WORK ORDER -> Exercise in exact copying: restate word for word only the lines below from the one containing "alle Regesten |" through the one containing "В набір входить", omitting any pictures.

(SUPPLIED RECORDS begins)

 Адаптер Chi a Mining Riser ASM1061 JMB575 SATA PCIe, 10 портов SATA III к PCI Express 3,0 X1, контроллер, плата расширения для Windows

(SUPPLIED RECORDS ends)
(SUPPLIED RECORDS begins)

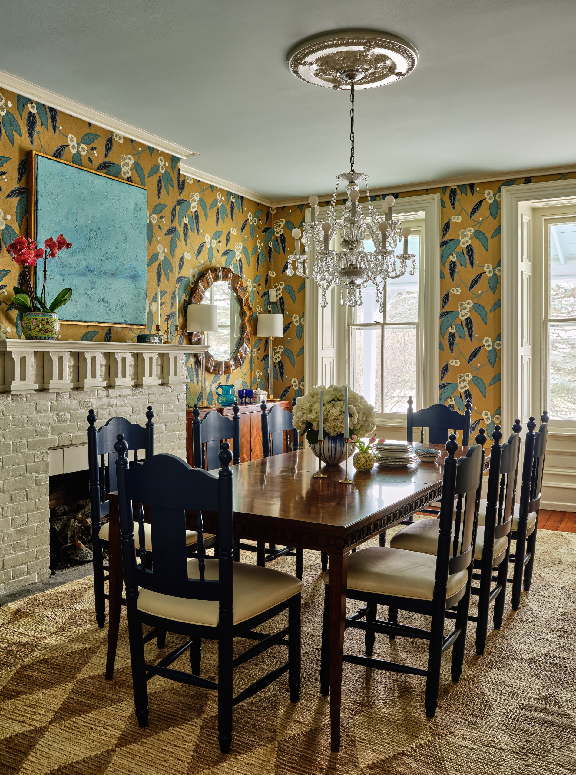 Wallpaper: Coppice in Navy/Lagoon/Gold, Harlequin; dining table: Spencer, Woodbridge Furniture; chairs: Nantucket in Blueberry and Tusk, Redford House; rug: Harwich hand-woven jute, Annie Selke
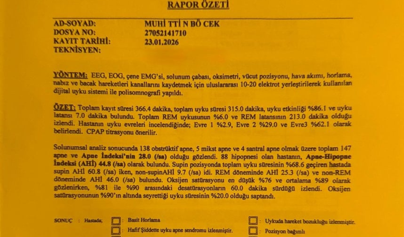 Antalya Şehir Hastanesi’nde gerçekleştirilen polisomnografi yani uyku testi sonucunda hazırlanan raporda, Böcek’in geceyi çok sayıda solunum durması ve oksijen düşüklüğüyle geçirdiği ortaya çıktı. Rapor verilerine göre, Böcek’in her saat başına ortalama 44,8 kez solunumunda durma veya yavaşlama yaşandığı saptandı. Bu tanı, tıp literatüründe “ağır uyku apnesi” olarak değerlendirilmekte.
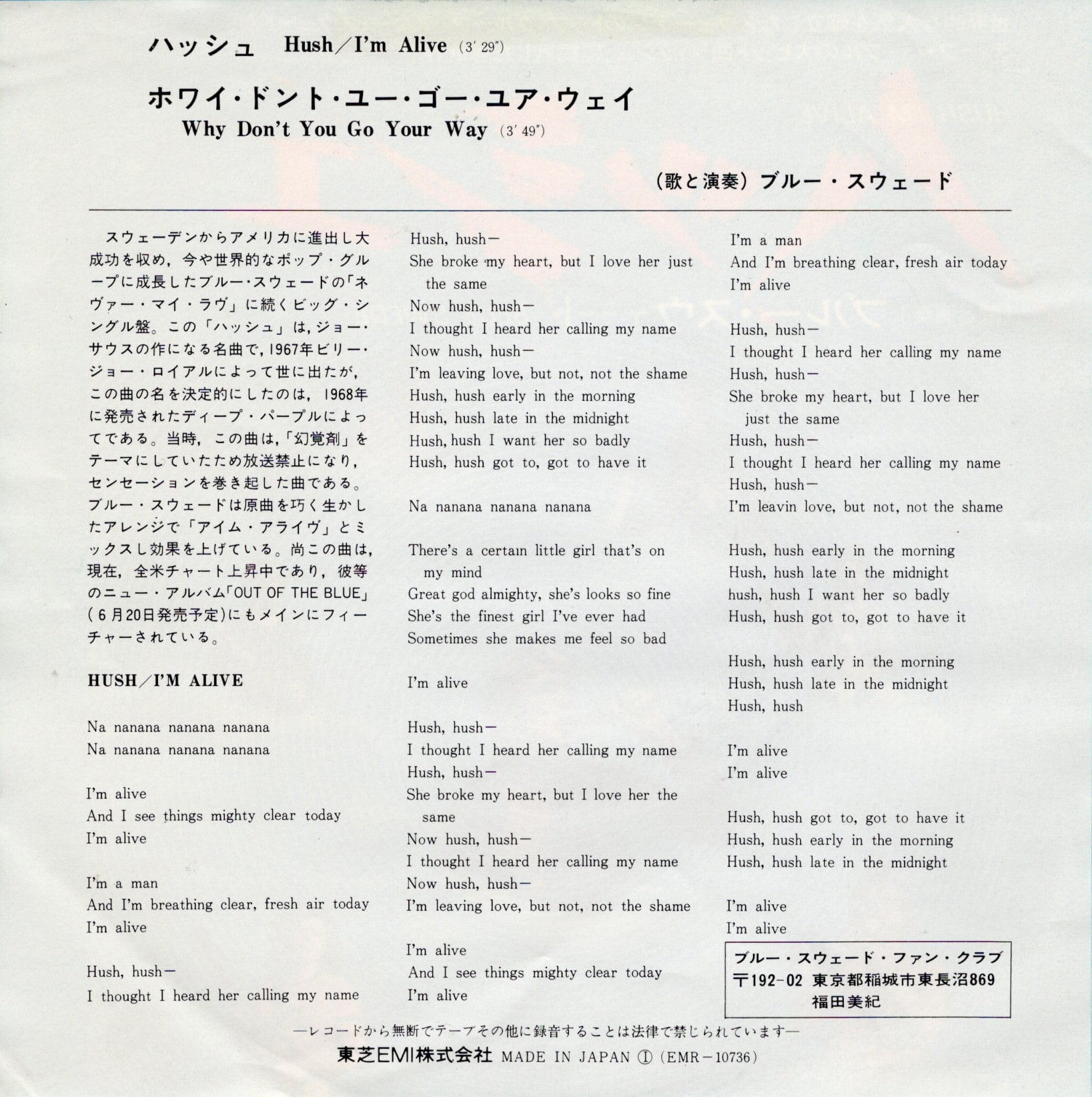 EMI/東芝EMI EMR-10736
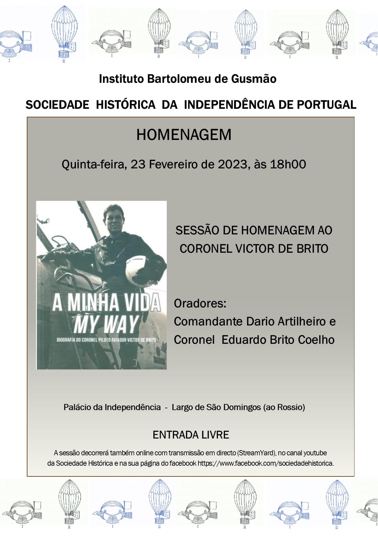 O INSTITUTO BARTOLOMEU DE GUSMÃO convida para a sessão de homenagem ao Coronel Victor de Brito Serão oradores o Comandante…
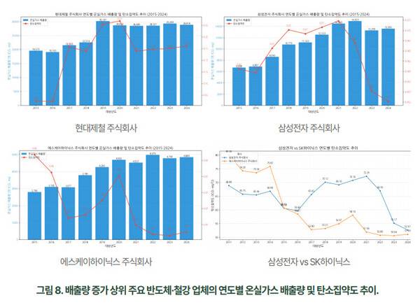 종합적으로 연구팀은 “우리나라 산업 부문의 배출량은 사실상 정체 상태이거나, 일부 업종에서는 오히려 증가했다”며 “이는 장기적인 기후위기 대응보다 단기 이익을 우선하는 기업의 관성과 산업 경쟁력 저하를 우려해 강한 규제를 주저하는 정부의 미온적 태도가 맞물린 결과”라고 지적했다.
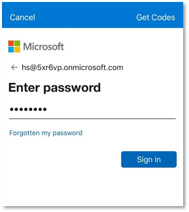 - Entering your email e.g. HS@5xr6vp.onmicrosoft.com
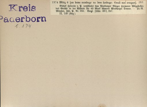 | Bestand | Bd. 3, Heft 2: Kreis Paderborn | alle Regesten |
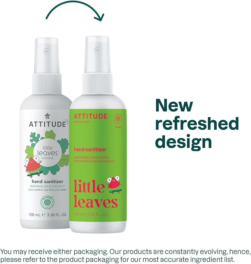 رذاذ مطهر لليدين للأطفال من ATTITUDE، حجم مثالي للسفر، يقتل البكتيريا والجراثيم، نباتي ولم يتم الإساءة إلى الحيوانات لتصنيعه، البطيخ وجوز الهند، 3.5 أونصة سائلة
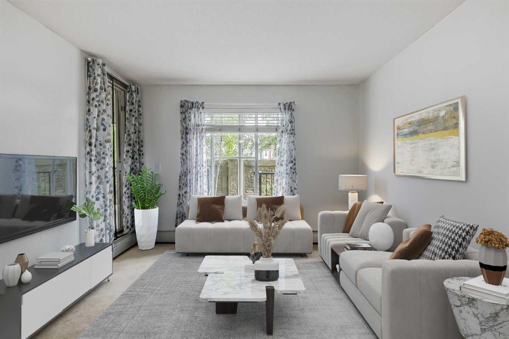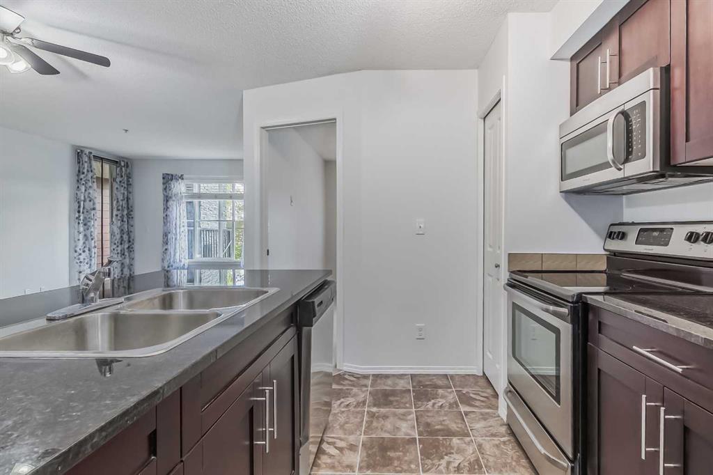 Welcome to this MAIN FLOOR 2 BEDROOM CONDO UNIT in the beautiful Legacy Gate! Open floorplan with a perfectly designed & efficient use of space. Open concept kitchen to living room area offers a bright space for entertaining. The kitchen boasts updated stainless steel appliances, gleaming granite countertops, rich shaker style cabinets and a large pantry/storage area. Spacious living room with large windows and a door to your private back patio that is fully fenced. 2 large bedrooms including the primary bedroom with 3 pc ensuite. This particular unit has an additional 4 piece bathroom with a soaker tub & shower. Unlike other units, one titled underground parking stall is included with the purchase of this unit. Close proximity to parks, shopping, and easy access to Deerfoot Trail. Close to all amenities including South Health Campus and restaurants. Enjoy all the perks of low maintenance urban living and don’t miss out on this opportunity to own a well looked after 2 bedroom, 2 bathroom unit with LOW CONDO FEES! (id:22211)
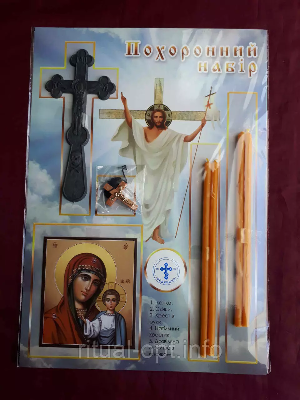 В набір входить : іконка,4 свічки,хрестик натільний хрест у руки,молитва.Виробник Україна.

(SUPPLIED RECORDS ends)
(SUPPLIED RECORDS begins)

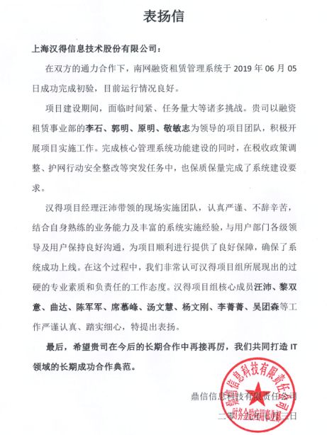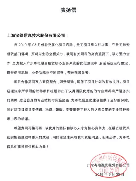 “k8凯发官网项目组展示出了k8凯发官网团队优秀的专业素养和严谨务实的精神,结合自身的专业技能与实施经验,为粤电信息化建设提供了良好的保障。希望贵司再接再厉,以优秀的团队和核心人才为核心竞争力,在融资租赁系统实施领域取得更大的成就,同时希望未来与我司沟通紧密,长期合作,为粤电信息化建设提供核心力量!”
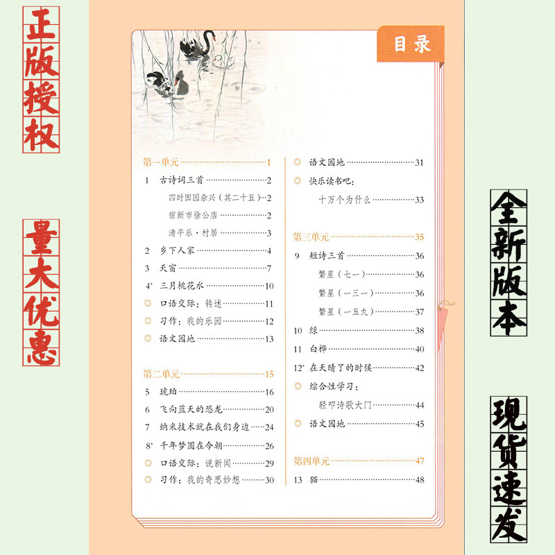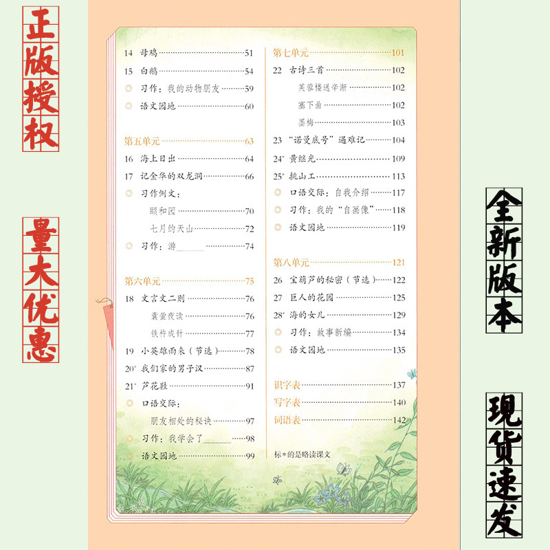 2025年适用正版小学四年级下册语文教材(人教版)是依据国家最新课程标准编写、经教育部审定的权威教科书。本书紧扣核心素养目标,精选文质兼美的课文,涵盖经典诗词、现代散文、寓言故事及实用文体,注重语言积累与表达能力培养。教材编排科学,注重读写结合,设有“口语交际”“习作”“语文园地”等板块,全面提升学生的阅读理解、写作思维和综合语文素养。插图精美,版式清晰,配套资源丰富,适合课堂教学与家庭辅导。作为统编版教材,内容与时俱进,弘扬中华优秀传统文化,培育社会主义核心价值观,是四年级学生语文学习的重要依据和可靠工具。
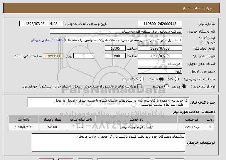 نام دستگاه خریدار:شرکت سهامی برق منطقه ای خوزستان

(SUPPLIED RECORDS ends)

ANSWER BELOW ->
 | Bestand | Bd. 3, Heft 2: Kreis Paderborn | alle Regesten |
 رذاذ مطهر لليدين للأطفال من ATTITUDE، حجم مثالي للسفر، يقتل البكتيريا والجراثيم، نباتي ولم يتم الإساءة إلى الحيوانات لتصنيعه، البطيخ وجوز الهند، 3.5 أونصة سائلة
 Welcome to this MAIN FLOOR 2 BEDROOM CONDO UNIT in the beautiful Legacy Gate! Open floorplan with a perfectly designed & efficient use of space. Open concept kitchen to living room area offers a bright space for entertaining. The kitchen boasts updated stainless steel appliances, gleaming granite countertops, rich shaker style cabinets and a large pantry/storage area. Spacious living room with large windows and a door to your private back patio that is fully fenced. 2 large bedrooms including the primary bedroom with 3 pc ensuite. This particular unit has an additional 4 piece bathroom with a soaker tub & shower. Unlike other units, one titled underground parking stall is included with the purchase of this unit. Close proximity to parks, shopping, and easy access to Deerfoot Trail. Close to all amenities including South Health Campus and restaurants. Enjoy all the perks of low maintenance urban living and don’t miss out on this opportunity to own a well looked after 2 bedroom, 2 bathroom unit with LOW CONDO FEES! (id:22211)
 В набір входить : іконка,4 свічки,хрестик натільний хрест у руки,молитва.Виробник Україна.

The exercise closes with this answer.